Scott focuses on improving eval fidelity by making the server-side simulator more closely match what Excalidraw does in the real product. He explains that because the client-side Excalidraw packages are not easy to reuse on the server, the course uses a custom shim, and any mismatch there can distort eval results. Scott’s goal in this lesson is to align those two realities so the agent sees the same kinds of bound-element relationships during evals that it would see in production.
Retrieval-Augmented Generation
Section Duration: 40 minutes
Scott introduces RAG, or retrieval-augmented generation, as a way to handle model cutoff dates and documents that are too large to fit into a context window. He explains RAG with an open-book-test analogy, where the system looks up just the most relevant parts of a corpus instead of trying to load everything at once. Scott also warns that RAG is widely misunderstood, over-marketed, and much harder to get right than people often assume.
Scott sets up the vector database layer for RAG by choosing Upstash Vector and walking through how to create a free index.

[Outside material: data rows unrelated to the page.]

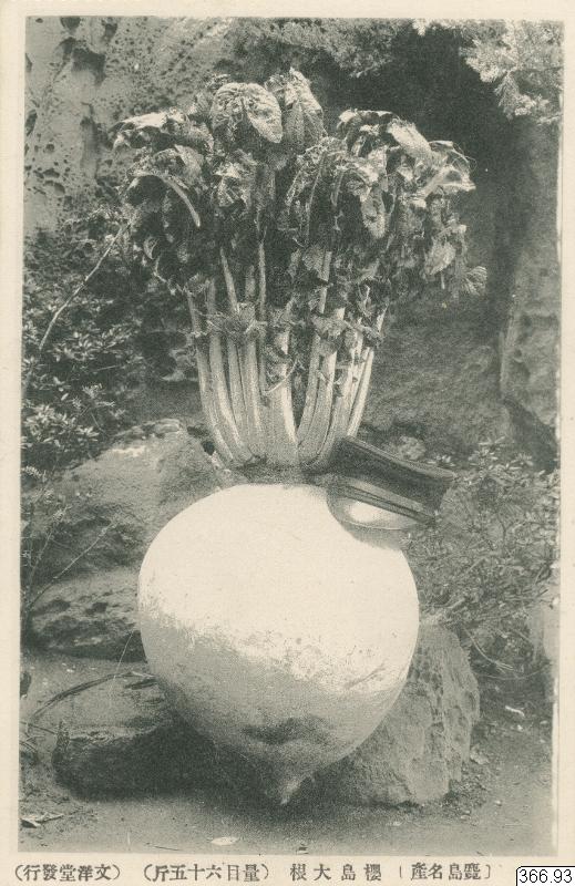 Vykort med motiv av gigantisk rova, hatt på rovan för storleksjämförelse, jord i bakgrunden. Text på framsida: "Text på annat språk." Text på baksida: "POST CARD, Text på annat språk."
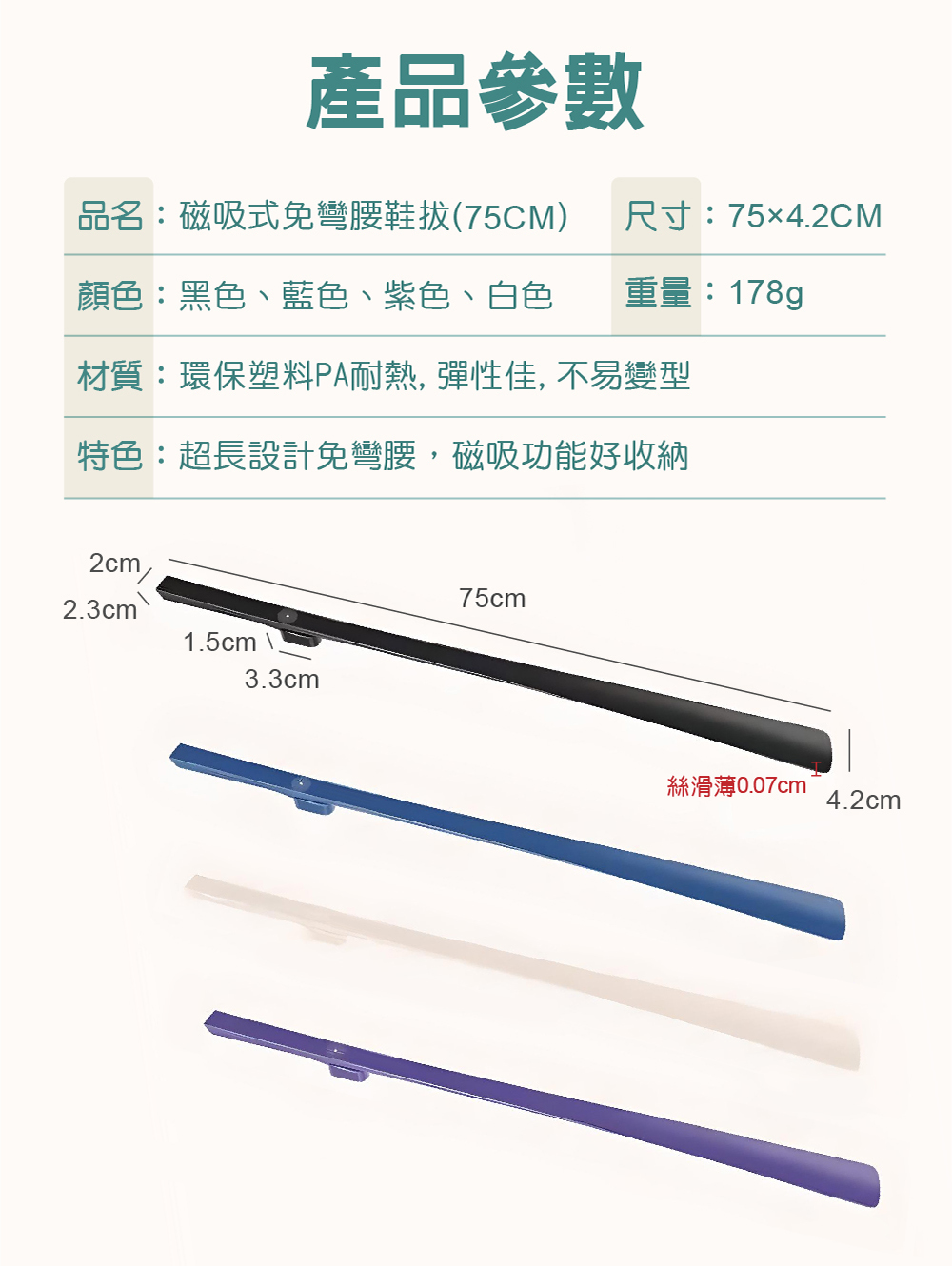 【青禾坊】磁吸式免彎腰鞋拔(75CM) (穿鞋輔助器/穿鞋神器/免彎腰穿鞋/長柄穿鞋神器/孕婦老人自穿鞋/鞋把/鞋撐)
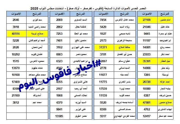 تقدم المرشحون بالدائرة السابعة والتى تضم فاقوس وكفر صقر واولاد صقر بطعون بالجملة ومستندات صادمة تكشف عوارا انتخابيا فادحا يُهدد ببطلان النتائج وإعادة الانتخابات كاملة وذلك في واحدة من أعقد المشاهد الانتخابية في تاريخ محافظة الشرقية حيث انفجرت أزمة كبرى داخل الدائرة السابعة التى تمثل فاقوس و كفر صقر و أولاد صقر بعد أن تقدم المرشح خالد هليل ومعه عدد من المرشحين والمواطنين بسلسلة طعون رسمية إلى الهيئة الوطنية للانتخابات، متهمين العملية الانتخابية بـ«التزوير الواسع» و«التلاعب الممنهج» و«الإخلال الجسيم بضمانات النزاهة».
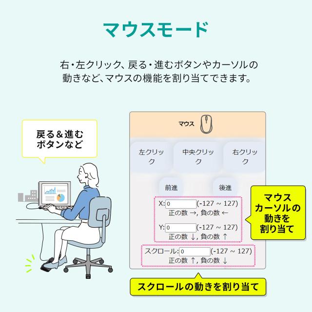 ●マウス操作のクリックボタン、戻る・進むボタン、スクロールボタン、カーソル移動などのすべてが割り当てできます。
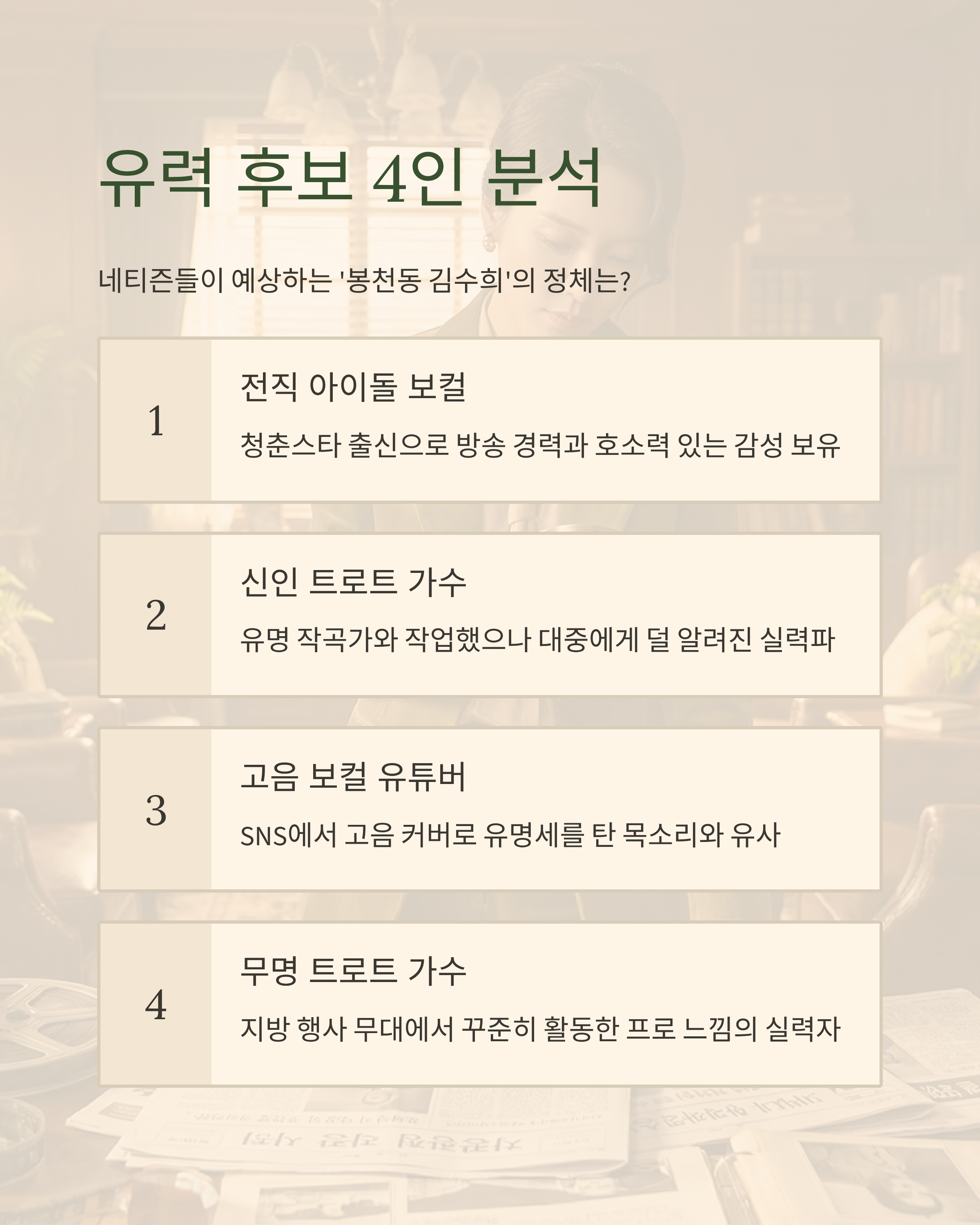 그렇다면 과연 ‘봉천동 김수희’는 누구일까? 현재 온라인에서 거론되는 유력 인물 후보들, 정황 분석, 그리고 출연자의 스타일을 통해 예상해본다.
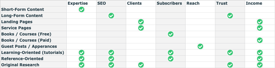No one piece of content can do all of this, and chances are you don’t have exactly one goal you want to achieve. Writing a book to sell will undoubtedly teach you a lot in the process. Guest posting on other blogs can help you get more subscribers on your mailing list. Instead of asking yourself: “Should I be doing more guest posting?” You can reframe those conversations as “Will guest posting help me achieve my goals?” Here’s a quick review of the options presented here.

He explains the practical choices involved, including dense, sparse, and hybrid indexes, embedding models, vector dimensions, and similarity metrics like cosine. Scott presents the setup as an approachable way to get started with retrieval infrastructure without having to manage the vector system yourself.
Scott starts building the corpus retrieval workflow by creating a Node.js script that indexes a set of internal documents into the vector store. He explains that the script should be rerunnable, avoid duplicate records, and serve as the ingestion path whenever new knowledge-base documents are added. Scott also introduces the retrieval tool itself, showing how the agent can query the vector index for the most relevant private documents and why query quality will eventually need its own improvement work.
Scott runs the indexing script, verifies that the documents were inserted into Upstash, and demonstrates how different search modes return results with different relevance behavior. He then tests the retrieval flow within the agent and notices that the model does not always decide to use the knowledge base tool on its own. Scott uses that gap to explain why RAG often needs better query descriptions, extra context from the original user prompt, or even a separate query-rewriting step.
Wrapping Up
Section Duration: 8 minutes
Scott wraps up the course by pointing to next-step topics like human-in-the-loop approvals, durable execution, planning modes, handoffs, and deterministic workflows. He argues that approvals should be enforced architecturally outside the agent loop, while durable execution enables pausing and resuming long-running agent flows. Scott finishes by emphasizing the production importance of a data flywheel, telemetry, real user feedback, and disciplined eval-driven iteration as the core of AI engineering work.